From the material below, set down exactly the lines that run from the one containing "El Ayuntamiento de" to the one containing "Página para colorir", minus the pictures.

[Material to process — start]

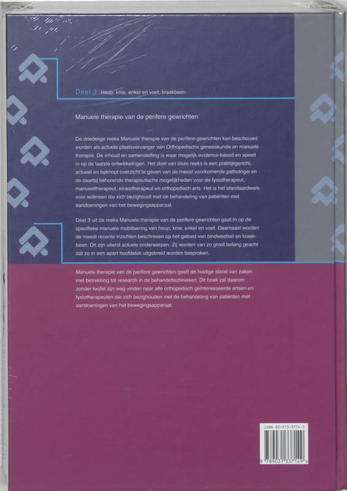 Deel 3 uit de reeks Manuele therapie van de perifere gewrichten gaat in op de specifieke manuele mobilisering van heup, knie, enkel en voet. Daarnaast worden de meest recente inzichten op het gebied van kraakbeen beschreven. Dit uiterst actuele onderwerp wordt in een apart hoofdstuk besproken.Voor wie?Manuele therapie van de perifere gewrichten geeft de huidige stand van zaken met betrekking tot research in de behandeltechnieken. De reeks zal daarom zonder twijfel zijn weg vinden naar alle orthopedisch geïnteresseerde artsen en fysiotherapeuten die zich bezighouden met de behandeling van patiënten met aandoeningen van het bewegingsapparaat.De driedelige reeks Manuele therapie van de perifere gewrichten komt in plaats van het eerder aangekondigde deel 3c, Orthopedische geneeskunde en manuele therapie. De inhoud en samenstelling is geactualiseerd, waar mogelijk evidence-based en inspelend op de laatste ontwikkelingen.Reeds verschenen: Deel 1: algemeen, bindweefsel, schouder - ISBN 90 313 3712 9Deel 2: elleboog, pols en hand - ISBN 90 313 3713 7
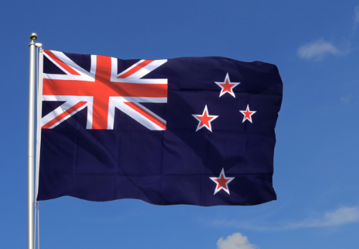 新西兰国旗孤立地飘扬在蓝色多云的天空中
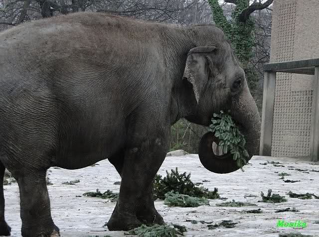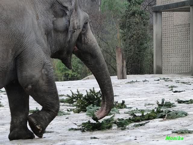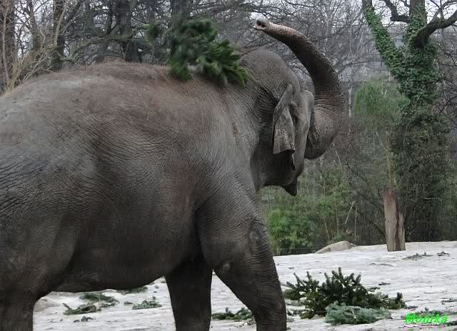 auch bei den Elefanten gab es Tanne.Die Zweige waren über die ganze Anlage verstreut.
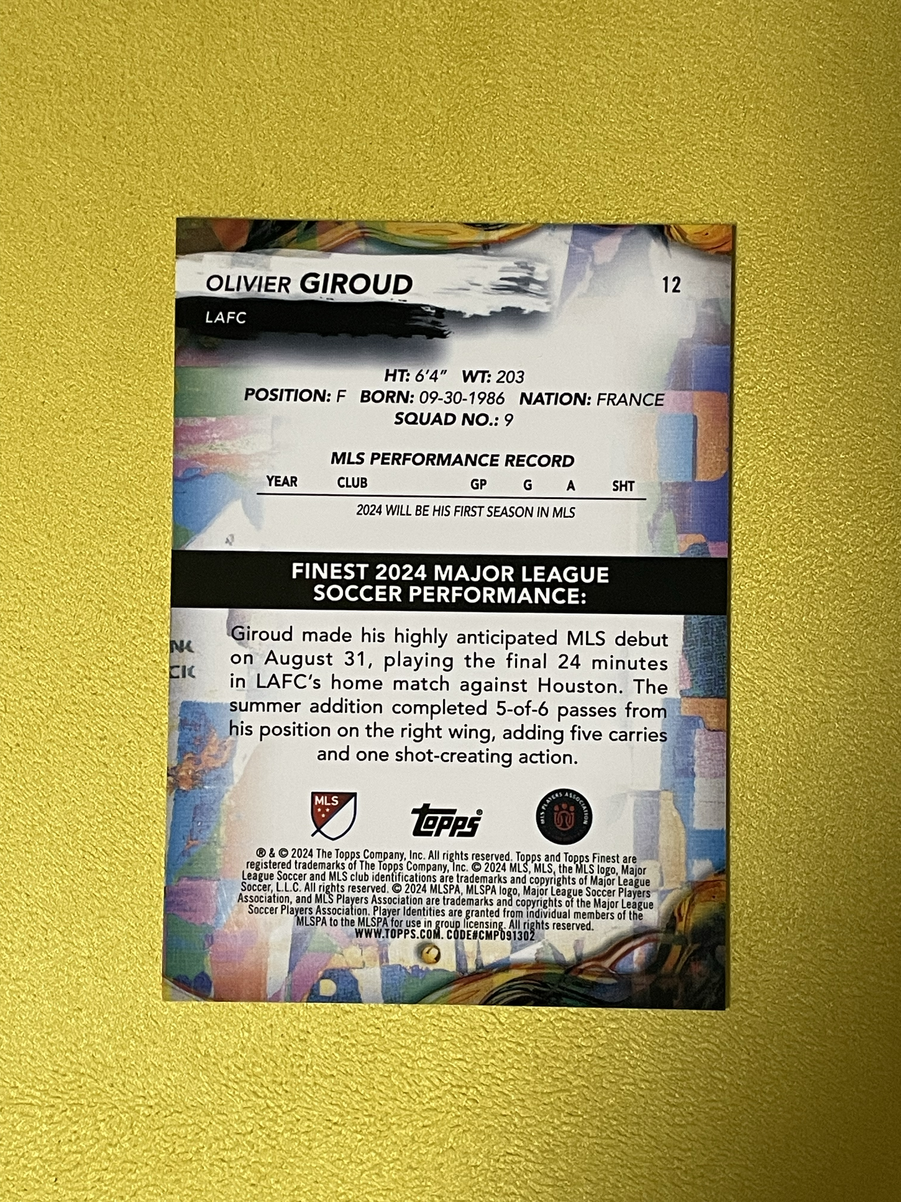 【We Are MLS】2025 Topps Finest Olivier Giroud 美职联 洛杉矶FC AC米兰 法国 吉鲁 幻彩 大比例箱货 ssp 50编 金折 折射 卡品如图 收藏必备
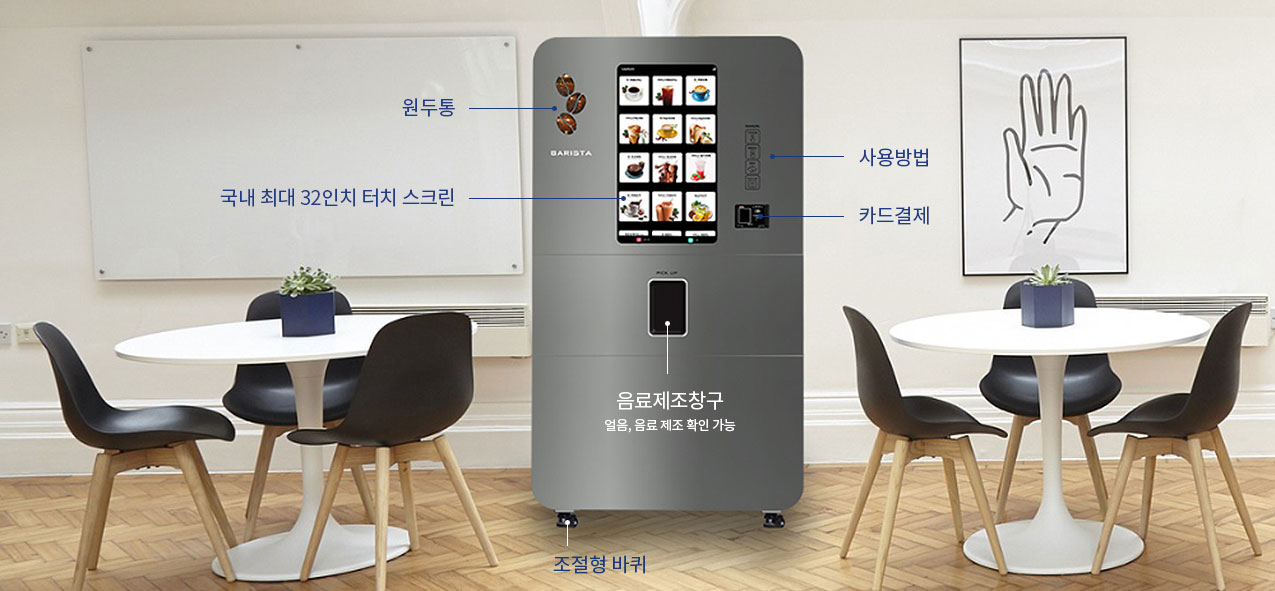 - 제빙기, 커피머신, 디스펜서 분리형이 아닌 일체형 머신으로
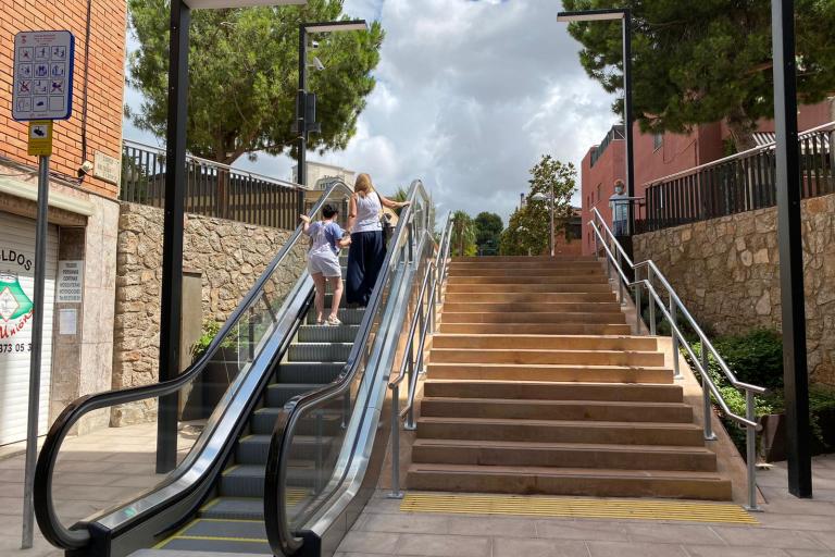 El Ayuntamiento de Sant Joan Despí ha instalado esta escalera mecánica en la calle Baltasar d'Espanya con el paseo del Canal con el objetivo de favorecer la movilidad y mejorar la accesibilidad en este entorno y en el acceso a la estación de Rodalies. La nueva infraestructura permite salvar un desnivel de casi tres metros.
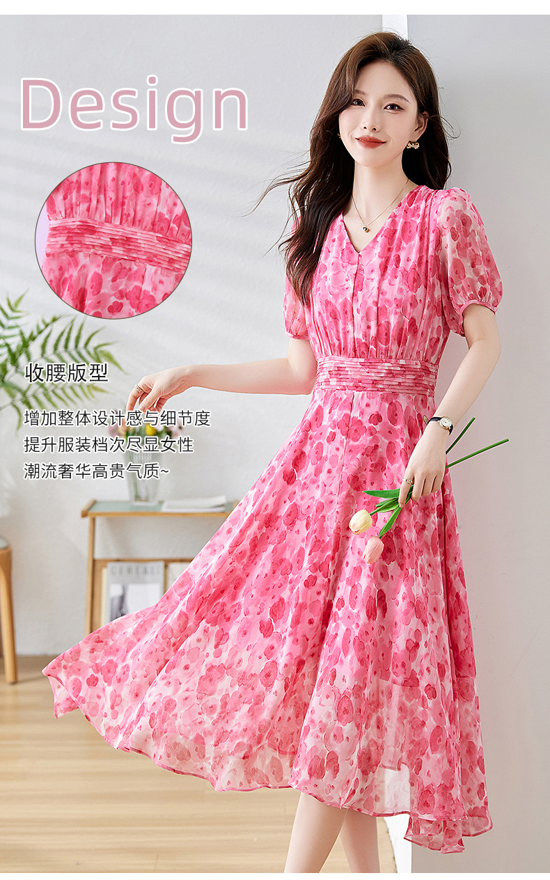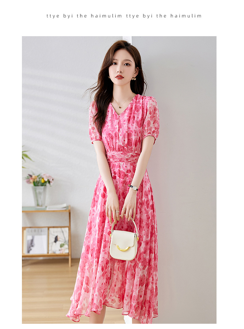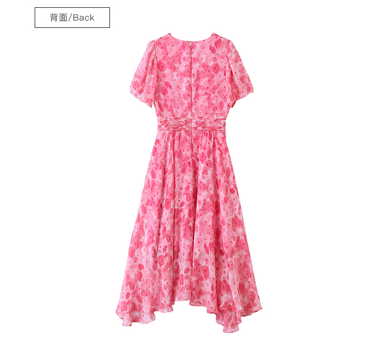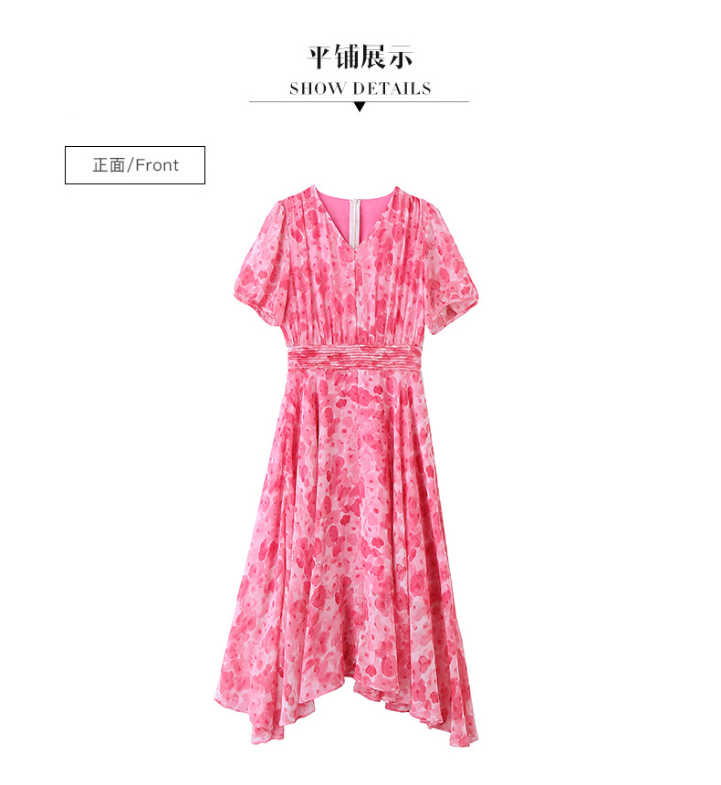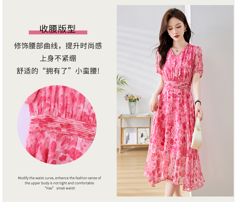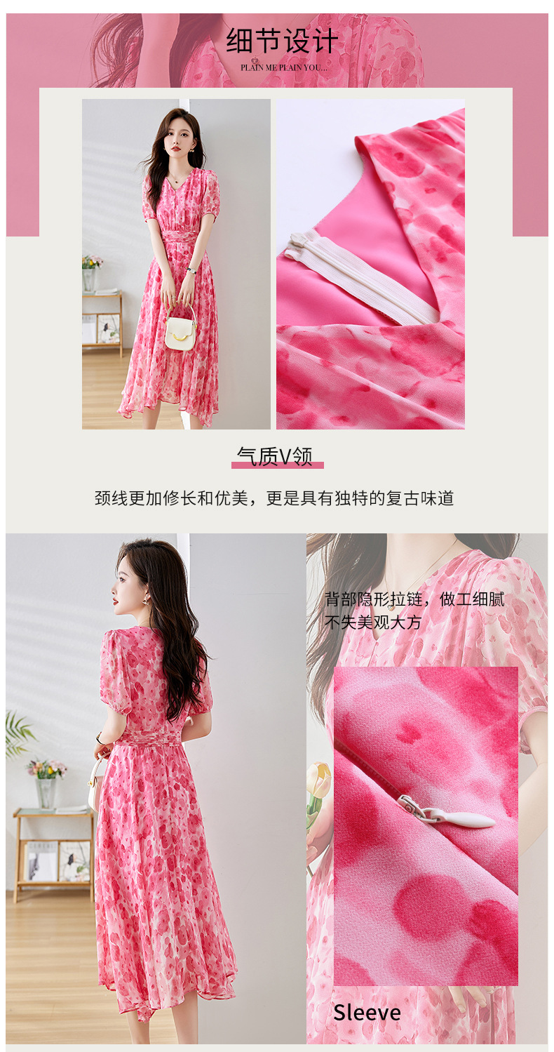 法式印花收腰显瘦,碎花气质v领连衣裙HR-6080
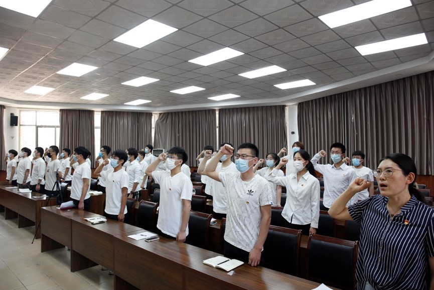 随后,田志红以专题党课形式对新党员进行了集体谈话并提出具体要求。专题党课以《学习十大战略 做合格党员,为学院发展贡献力量》为题,从省委提出的“十大战略”的背景、意义,向参会党员详细阐明了“十大战略” 的具体内容。同时,田志红结合学院实际,对新党员提出五点要求:一是要立大志,把个人的发展融入到党和国家的发展中去;二是要明大德,加强道德修养,追求更有品位的人生;三是要成大才,加强学习、不断创新,做社会主义合格建设者和可靠接班人;四是要担大任,脚踏实地、实学实干,培养吃苦耐劳精神;五是要提高政治站位,严格遵守学校和家庭所在地各项防疫规定,开启自律充实的暑假生活。
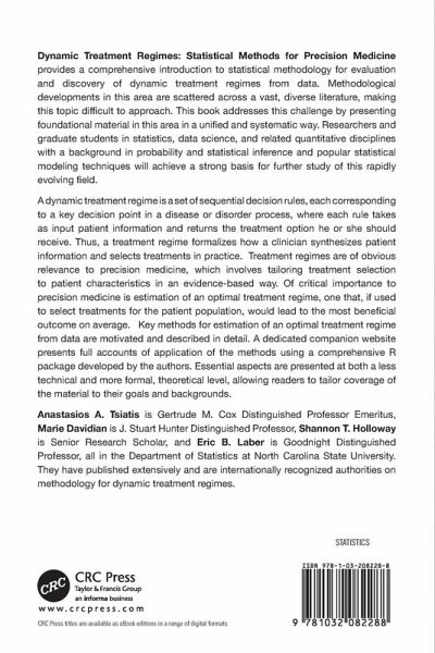 Dynamic Treatment Regimes: Statistical Methods for Precision Medicine provides a comprehensive introduction to statistical methodology for the evaluation and discovery of dynamic treatment regimes from data. Researchers and graduate students in statistics, data science, and related quantitative disciplines with a background in probability and statistical inference and popular statistical modeling techniques will be prepared for further study of this rapidly evolving field.
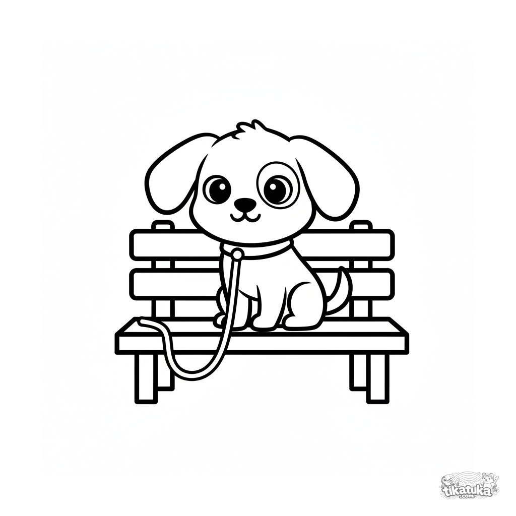 Página para colorir simples para bebês 2-3: um cachorrinho na coleira espera seu dono num banco de parque. Design minimalista, formas grandes e claras.
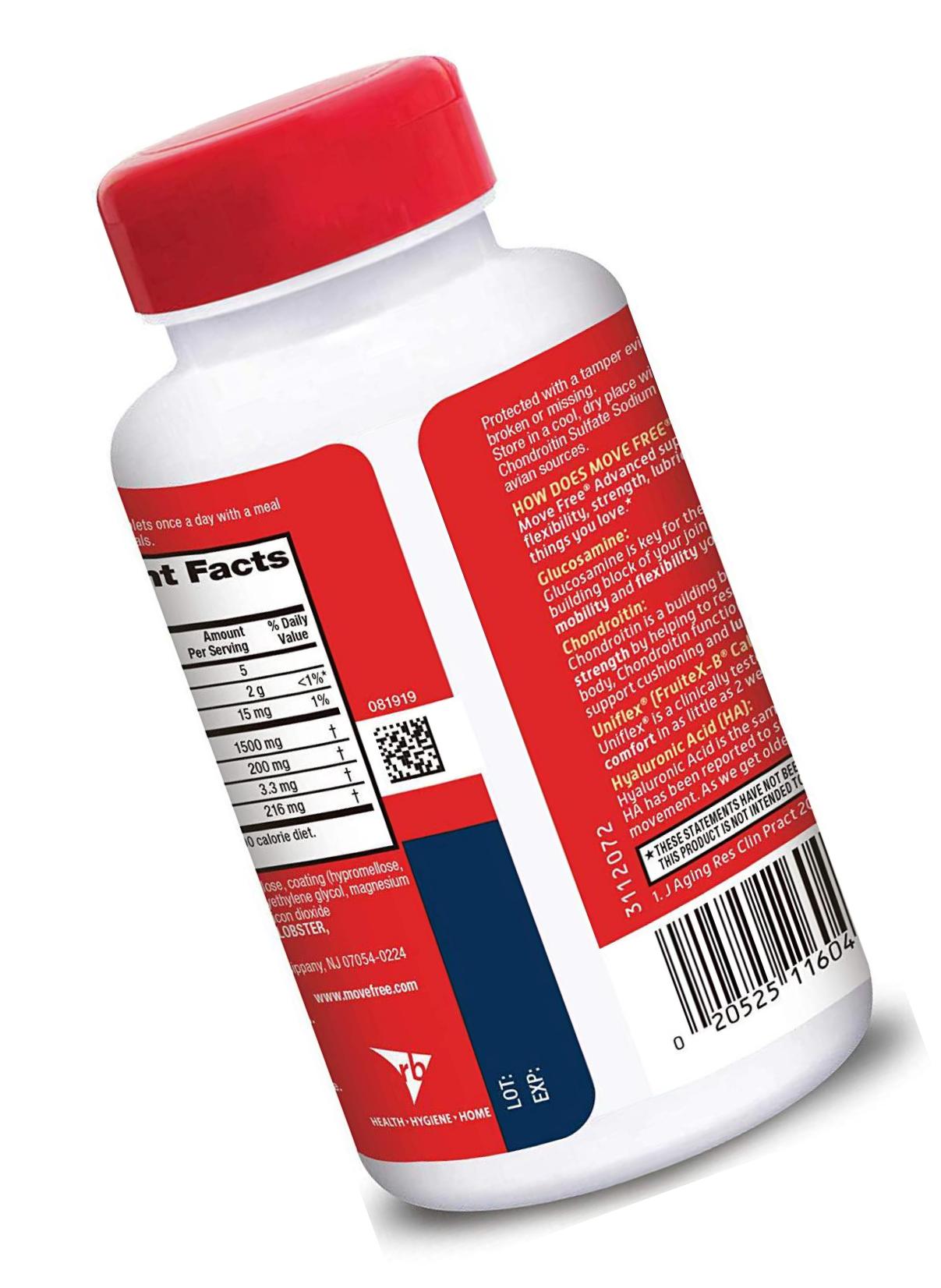 Move Free Advanced is a Glucosamine Chondroitin joint supplement that supports 5 signs of joint health: mobility, flexibility, strength, lubrication and comfort so you can do the things you love. Glucosamine is key for the formation of cartilage, an essential building block of your joints to support your mobility and flexibility. Chondroitin is a building block of cartilage that supports joint strength by helping to resist compression in the joint. In the body, Chondroitin functions by attracting fluid to joints to support cushioning and lubrication. Uniflex (fruitex-b calcium fructoborate) is a clinically tested mineral complex that supports joint comfort in as little as 2 weeks1. Hyaluronic acid (HA) is the same molecule found in healthy joint fluid. Ha has been reported to support joint lubrication and smooth movement. As we get older, levels of HA tend to decrease.

[Material to process — finish]

- _Written answer_
 El Ayuntamiento de Sant Joan Despí ha instalado esta escalera mecánica en la calle Baltasar d'Espanya con el paseo del Canal con el objetivo de favorecer la movilidad y mejorar la accesibilidad en este entorno y en el acceso a la estación de Rodalies. La nueva infraestructura permite salvar un desnivel de casi tres metros.
 法式印花收腰显瘦,碎花气质v领连衣裙HR-6080
 随后,田志红以专题党课形式对新党员进行了集体谈话并提出具体要求。专题党课以《学习十大战略 做合格党员,为学院发展贡献力量》为题,从省委提出的“十大战略”的背景、意义,向参会党员详细阐明了“十大战略” 的具体内容。同时,田志红结合学院实际,对新党员提出五点要求:一是要立大志,把个人的发展融入到党和国家的发展中去;二是要明大德,加强道德修养,追求更有品位的人生;三是要成大才,加强学习、不断创新,做社会主义合格建设者和可靠接班人;四是要担大任,脚踏实地、实学实干,培养吃苦耐劳精神;五是要提高政治站位,严格遵守学校和家庭所在地各项防疫规定,开启自律充实的暑假生活。
 Dynamic Treatment Regimes: Statistical Methods for Precision Medicine provides a comprehensive introduction to statistical methodology for the evaluation and discovery of dynamic treatment regimes from data. Researchers and graduate students in statistics, data science, and related quantitative disciplines with a background in probability and statistical inference and popular statistical modeling techniques will be prepared for further study of this rapidly evolving field.
 Página para colorir simples para bebês 2-3: um cachorrinho na coleira espera seu dono num banco de parque. Design minimalista, formas grandes e claras.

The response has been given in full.